Like many other federal law provisions, the amount of benefits received by Social Security beneficiaries is adjusted for inflation each year. Recent estimates have anticipated that the 2024 Social Security cost-of-living adjustment will be about 3%. By comparison, the adjustment amount for 2023 was 8.7%, which was the highest adjustment in 40 years. On average, Social Security benefits have increased by about 3.4% per year since 2000.
While these increases are tied to a set formula, lawmakers and policy wonks across the political spectrum have proposed changing the way Social Security COLAs are calculated.
Liberal lawmakers and senior advocates argue that COLAs do not accurately reflect price increases faced by older adults and have proposed tying them to the Consumer Price Index for the Elderly (CPI-E), instead of the CPI for Urban Wage Earners and Clerical Workers (CPI-W).
Conservatives have argued for using the "chained" CPI, which would produce smaller raises, arguing that this index more accurately reflects consumer behavior as prices rise.
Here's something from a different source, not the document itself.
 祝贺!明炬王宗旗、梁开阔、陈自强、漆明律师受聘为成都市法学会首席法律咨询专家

We asked two professors and authors of ALM's Tax Facts with opposing political viewpoints to share their opinions about the lower Social Security COLA for 2024.
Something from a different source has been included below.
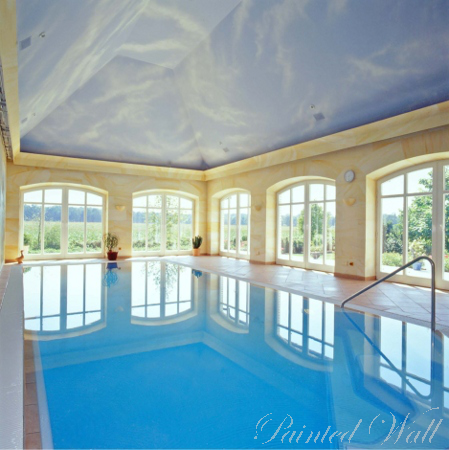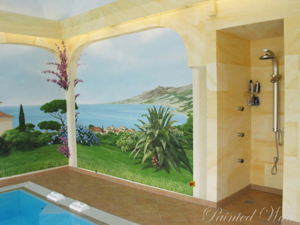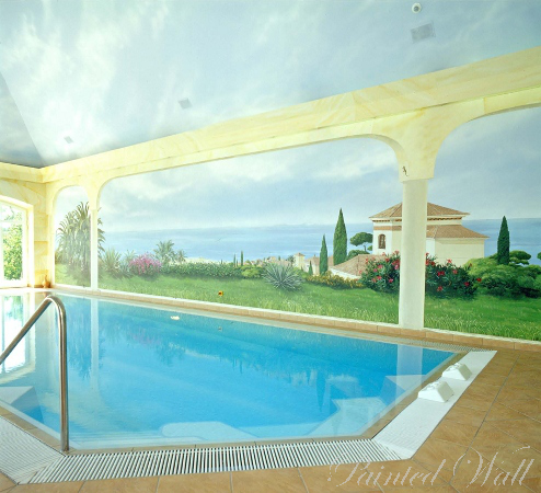Den Auftraggebern dieser Schwimmbadmalerei fehlte leider die Zeit, ihr schönes Anwesen in Marbella häufig zu besuchen. Anhand von Fotografien malten wir den Blick aus ihrer Ferienvilla in Richtung Süden mit dem Felsen von Gibraltar. Auch hier beeindruckt das Zusammenspiel von Illusionsmalerei, Marmormalerei und Himmelsgestaltung in Airbrushtechnik.

Below is a summary of the debate that ensued between the two professors.
Their Votes:
Their Reasons:
Byrnes: Inflation is coming down. We've all seen the research and statistics that have been published throughout late 2022 and early 2023. 2023 was a historic year for the Social Security COLA. There's no reason to continue to inflate Social Security benefits when the program itself is in such serious jeopardy for insolvency.